The fates of managed services providers and their clients are deeply entwined. As a result, MSPs must ensure smooth business operations for their clients if they want to keep them happy and paying.
That’s why MSPs need to provide security services for their clients. By adding security services to your offerings, you’ll open doors to new consulting opportunities, gain traction with up-market customers, and be able to offer premium security compliance suites.
With the increase of disruptive cyberattacks, and the expense of cleaning up those attacks, especially from ransomware, all MSPs can benefit from implementing multiple layers of defense. It’s a win for your customers and revenue friendly for your MSP.
This whitepaper suggests the types of services that an MSP can offer to truly provide managed security services. It explores the kinds of attacks that services providers can help customers avoid, and provides some guidance on the underlying security design and methodology needed by MSPs who want to make the transition into this new, lucrative security service opportunity.
The headlines are filled with stories of data breaches, detailing how yet another company or organization has lost customer records, suffered embarrassment and sustained a financial loss.
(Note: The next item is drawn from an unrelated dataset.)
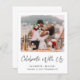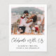 Das elegante, preisgünstige Ambiente und die kleinere Hochzeitsankündigung und der Empfang oder die Party Einladung nach der Hochzeit. Die Vorderseite zeigt Ihr Foto, "Celebrate With Uns" in einem eleganten Skript und Ihre Vornamen und Hochzeitstag und Ort in einfachen modernen Typografie. Auf der anderen Seite können Sie Ihre Hochzeitsankündigung oder Eröffnungsverkündung detaillierter personalisieren, einen Empfang oder eine Party Einladung hinzufügen und Ihre verheirateten Namen in einem signaturähnlichen Skript unterschreiben. Dieses halbglänzende Haushaltspapier ist gewichtsähnlich wie Foto. Es ist auch eine größere 12x18-Kartenversion verfügbar (für den Link die Meldung).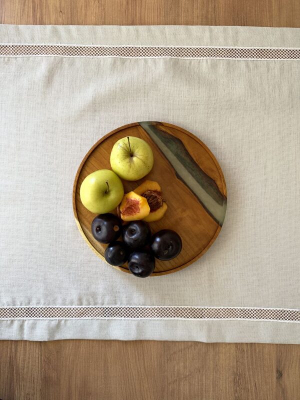 Bu sunum tabağı, sadece şık bir servis aracı değil, aynı zamanda günlük yaşamınızın vazgeçilmez bir parçası olacak şekilde tasarlandı. Kahvaltıda peynir, zeytin ve reçel çeşitleri için, özel davetlerde atıştırmalık ve mezeler için veya akşam yemeklerinde ana yemeğinizi sunmak için idealdir. Doğal yapısı sayesinde yiyeceklerinize ekstra bir tat katmaz, onlara sadece zarif bir sunum alanı oluşturur.

Every month, the headlines are filled with stories of data breaches, detailing how yet another company or organization has lost customer records, suffered embarrassment and sustained a financial loss, thanks to a cybersecurity incident. The following section provides some examples, along with the weaknesses in corporate infrastructure, that allowed them to happen. These are particularly instructive when building a security solution designed to protect clients.
Japan Airlines only noticed that it had been hacked after investigating slow network performance. The company found that attackers had broken into its system and extracted customer information including names, genders, birth dates, addresses, email addresses, and workplaces of JAL’s mileage program members (1) . Up to 750,000 customers were affected by the attack, which placed malware on 23 computers on its network. The malware was believed to have been delivered via a phishing email.
JAPAN PENSION SERVICE
The Japan Pension Service lost 1.25 million customers’ records to hackers who sent malware-laced email attachments disguised as a health ministry document. Pension IDs, names, birth dates and addresses were compromised, officials revealed.
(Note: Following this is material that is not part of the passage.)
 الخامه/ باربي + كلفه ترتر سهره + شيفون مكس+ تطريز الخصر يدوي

In early 2015, health insurance provider Anthem lost the personal information of around 80 million customers, including social security numbers, birthdays, street addresses, and phone numbers. Attackers set up a malicious domain, which hosted malware. Employees at Anthem were tempted to visit the site by targeted phishing emails with embedded links (2).
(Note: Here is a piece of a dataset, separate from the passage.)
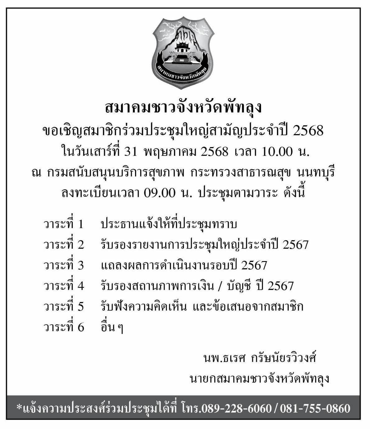 Detailsเมื่อเวลา 18.30 น. ของวันที่ 15 พฤษภาคม 2568 ณ ห้องประช…

AUSTRALIAN BROADCASTING CORPORATION
The Australian Broadcasting Corporation was hit with a ransomware attack that disrupted its 24-hour news programming. Attackers sent staff at the TV network attachments infected with malware, via emails that appeared to be from the Australian Post.
When staffers opened the emails, they were informed that a package had not been delivered. When they opened the attachment to find out more, they were infected by ransomware (3).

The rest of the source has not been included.